By the time I got home Nora had retreated to her on stoop and That’s Not Chinese was extending her hand to me – not to shake my hand or welcome me home, rather, to alert me of her midlife crisis. “Look at this! We have got to take care of this,” she said, all the while shaking her right hand in my direction. “What is it?” I asked. “Fur. It’s fur. I had been petting Nora with my left hand and eating chicken out of the bag with my right when I thought I would be kind and share some chicken with her. I put a piece in my right hand thinking she would eat it, which she did, but she then rubbed her body all over my hand. Now it’s greasy and furry and I can’t eat any more chicken until it’s clean. I’ve been sitting like this for at least five minutes. It’s horrible.

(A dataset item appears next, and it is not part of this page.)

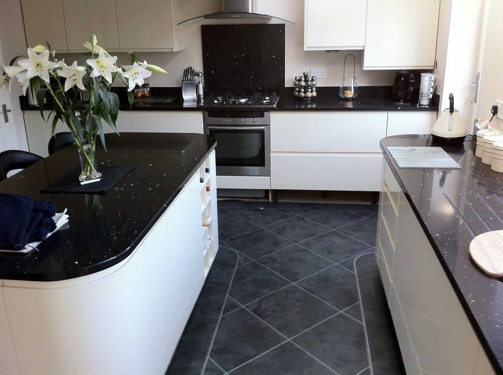 Если на вашей кухни черный потолок, то пол обязательно нужно сделать на контрасте. Это не будет зрительно давить и уменьшать высоту помещения.

We’ve got to get in the house and clean this off quick!”

 

Fortunately, we were able to remedy this situation with a little soap and water and all was good until a few hours later when That’s Not Chinese was cleaning up and accidentally flicked a large piece of chicken into my (full) wine glass. It was at this point that she almost peed her pants; if it weren’t for Kegels we would have had another midlife crisis on our hands and, more importantly, in her pants. Unfortunately, my midlife crisis could not be diverted. Although wine and chicken are generally a good pairing, they don’t make for a good sangria. Alas, I had to throw out the red wine in my glass. Doing so kind of made me want to replace it with a red convertible – luckily, I exercised self control and, instead, just poured myself another glass. Midlife righteous.